EXERCISE AIM = Copy the data exactly from the line that contains "透气百搭休闲运动慢跑鞋 2025新款 女厚底小花流浪鞋 复古阿甘德训鞋" through the line that contains "scissors, tweezers, hairs, eyes", keeping both end lines and leaving out everything else.

(SUPPLIED INFORMATION Opens)

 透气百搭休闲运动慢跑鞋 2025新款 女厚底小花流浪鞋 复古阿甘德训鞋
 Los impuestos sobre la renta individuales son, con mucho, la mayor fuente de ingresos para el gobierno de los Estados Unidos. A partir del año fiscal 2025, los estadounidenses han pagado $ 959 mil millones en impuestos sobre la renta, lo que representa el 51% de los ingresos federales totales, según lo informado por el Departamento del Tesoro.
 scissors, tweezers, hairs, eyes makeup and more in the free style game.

(SUPPLIED INFORMATION Closes)
(SUPPLIED INFORMATION Opens)

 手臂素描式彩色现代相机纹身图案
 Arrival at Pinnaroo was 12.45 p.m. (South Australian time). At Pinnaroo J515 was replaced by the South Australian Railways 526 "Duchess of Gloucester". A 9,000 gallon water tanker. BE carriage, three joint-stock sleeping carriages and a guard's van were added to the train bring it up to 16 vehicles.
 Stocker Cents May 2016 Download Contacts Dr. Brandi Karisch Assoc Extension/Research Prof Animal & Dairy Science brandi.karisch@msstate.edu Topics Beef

(SUPPLIED INFORMATION Closes)

WRITTEN ANSWER =
 透气百搭休闲运动慢跑鞋 2025新款 女厚底小花流浪鞋 复古阿甘德训鞋
 Los impuestos sobre la renta individuales son, con mucho, la mayor fuente de ingresos para el gobierno de los Estados Unidos. A partir del año fiscal 2025, los estadounidenses han pagado $ 959 mil millones en impuestos sobre la renta, lo que representa el 51% de los ingresos federales totales, según lo informado por el Departamento del Tesoro.
 scissors, tweezers, hairs, eyes makeup and more in the free style game.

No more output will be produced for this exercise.